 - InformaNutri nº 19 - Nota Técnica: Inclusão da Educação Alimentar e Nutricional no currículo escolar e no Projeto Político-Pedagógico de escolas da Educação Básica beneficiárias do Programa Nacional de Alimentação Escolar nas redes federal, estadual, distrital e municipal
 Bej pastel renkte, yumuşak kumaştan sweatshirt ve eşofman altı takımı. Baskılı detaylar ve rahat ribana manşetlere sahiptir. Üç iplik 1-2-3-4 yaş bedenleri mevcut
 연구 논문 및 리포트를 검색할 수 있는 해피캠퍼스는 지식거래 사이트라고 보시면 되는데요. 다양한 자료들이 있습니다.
---
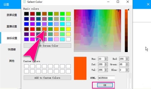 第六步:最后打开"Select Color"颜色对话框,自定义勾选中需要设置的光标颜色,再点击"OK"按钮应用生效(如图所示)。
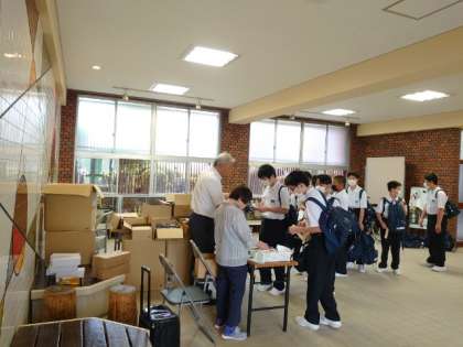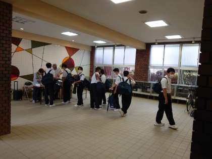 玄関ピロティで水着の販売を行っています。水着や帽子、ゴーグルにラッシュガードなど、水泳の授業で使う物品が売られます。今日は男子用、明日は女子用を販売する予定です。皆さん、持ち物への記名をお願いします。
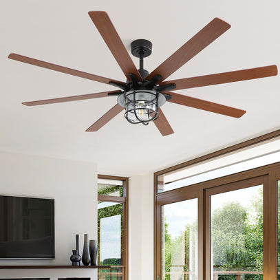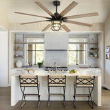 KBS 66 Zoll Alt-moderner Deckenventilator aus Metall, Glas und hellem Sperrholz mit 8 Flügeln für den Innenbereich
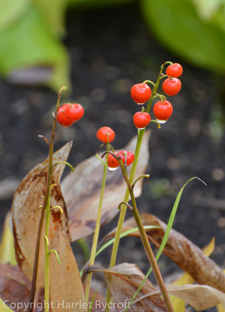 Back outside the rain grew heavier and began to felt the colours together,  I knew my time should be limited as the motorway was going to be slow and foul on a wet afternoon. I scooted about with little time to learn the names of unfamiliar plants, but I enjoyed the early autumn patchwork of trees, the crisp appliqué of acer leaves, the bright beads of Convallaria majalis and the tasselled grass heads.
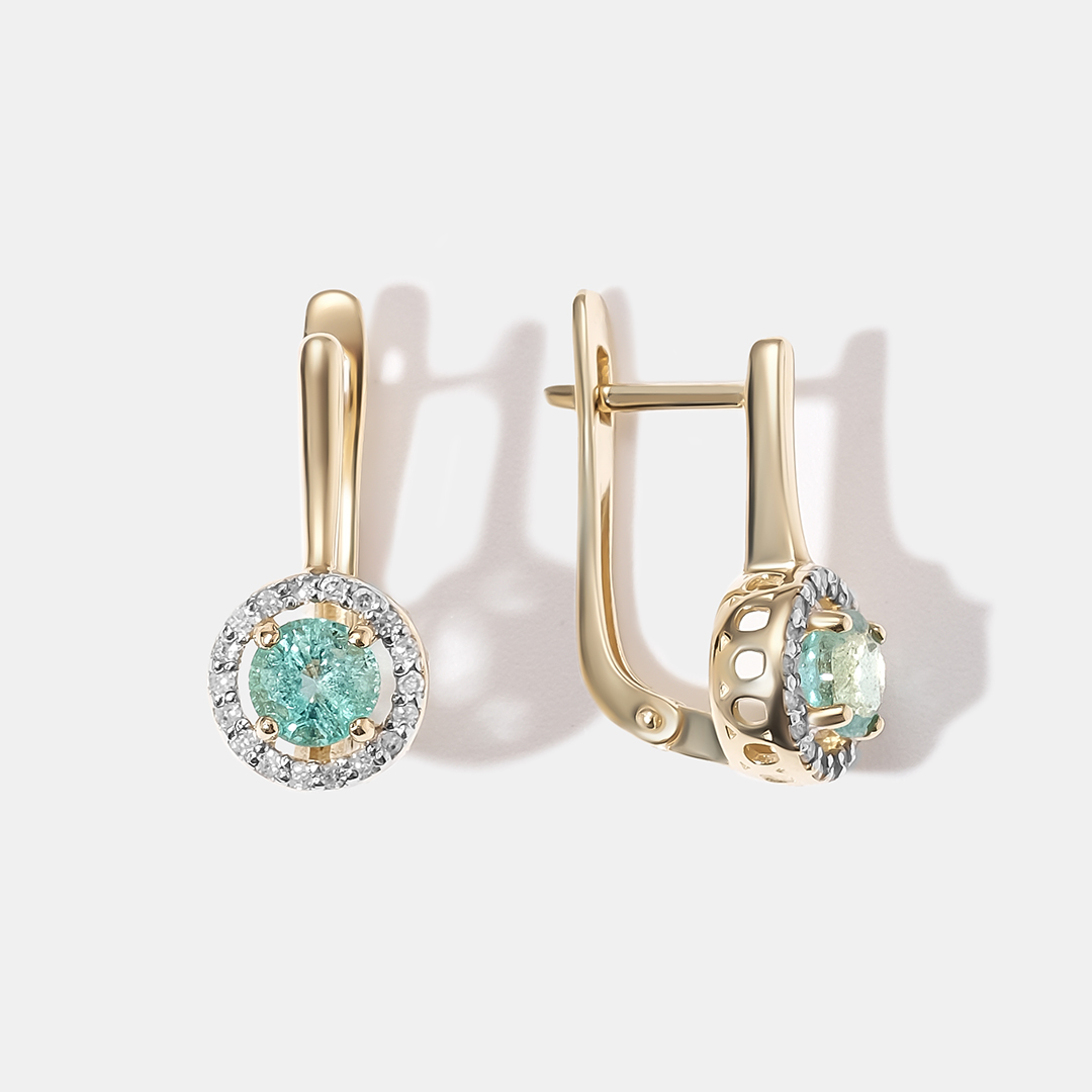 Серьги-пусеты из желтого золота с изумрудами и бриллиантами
* * *
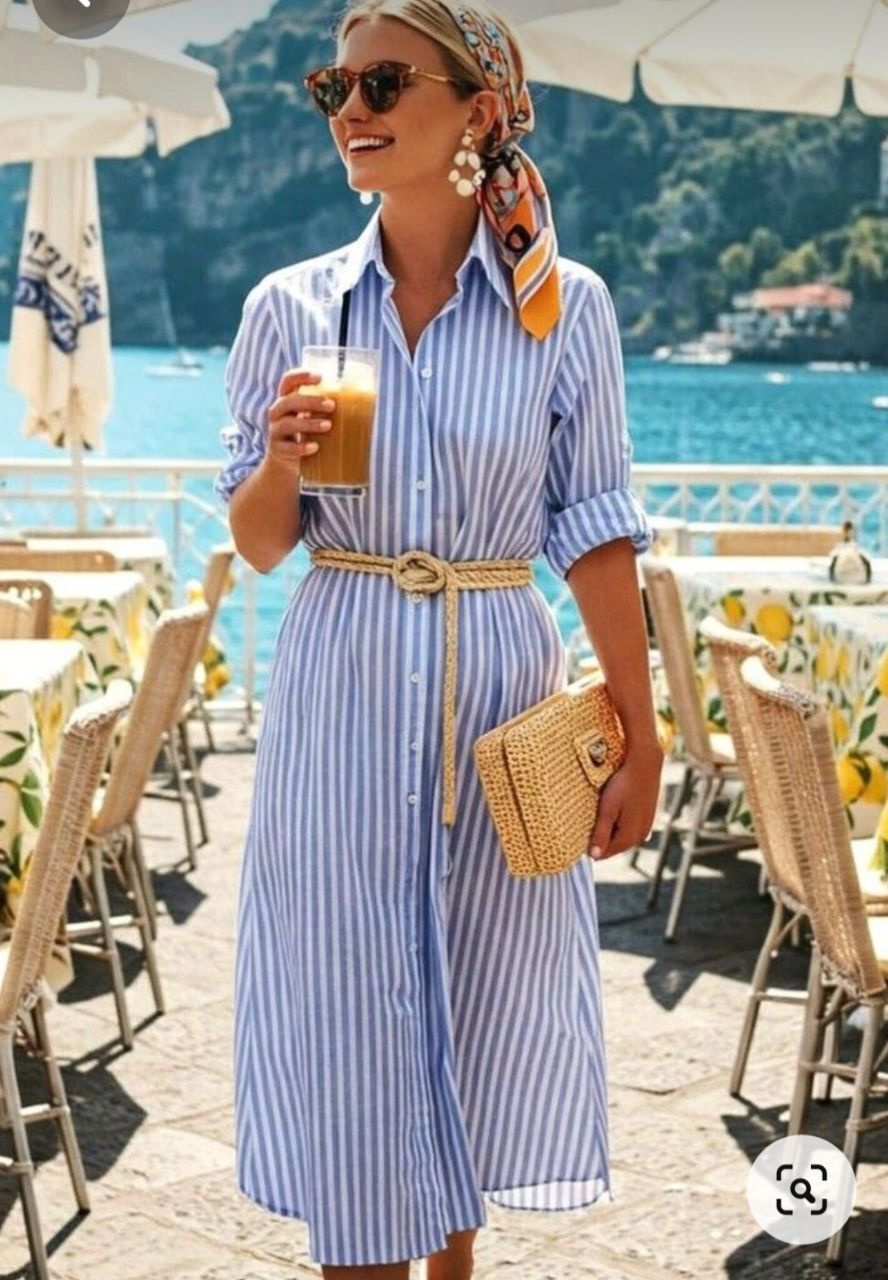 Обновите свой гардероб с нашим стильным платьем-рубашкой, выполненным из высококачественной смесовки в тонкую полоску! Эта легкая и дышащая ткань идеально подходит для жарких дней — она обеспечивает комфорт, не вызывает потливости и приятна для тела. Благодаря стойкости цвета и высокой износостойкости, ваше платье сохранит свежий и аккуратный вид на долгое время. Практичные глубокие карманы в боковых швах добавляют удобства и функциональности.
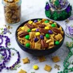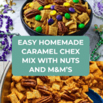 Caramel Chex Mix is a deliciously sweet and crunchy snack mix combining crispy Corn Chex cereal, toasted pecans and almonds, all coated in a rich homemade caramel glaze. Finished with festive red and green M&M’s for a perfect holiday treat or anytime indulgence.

▶ **What you need to do**
From the records above, transcribe exactly the run of lines that opens with the line holding "Bej pastel renkte, yumuşak" and closes with the line holding "연구 논문 및 리포트를", both included.

▶ **Written solution**
 Bej pastel renkte, yumuşak kumaştan sweatshirt ve eşofman altı takımı. Baskılı detaylar ve rahat ribana manşetlere sahiptir. Üç iplik 1-2-3-4 yaş bedenleri mevcut
 연구 논문 및 리포트를 검색할 수 있는 해피캠퍼스는 지식거래 사이트라고 보시면 되는데요. 다양한 자료들이 있습니다.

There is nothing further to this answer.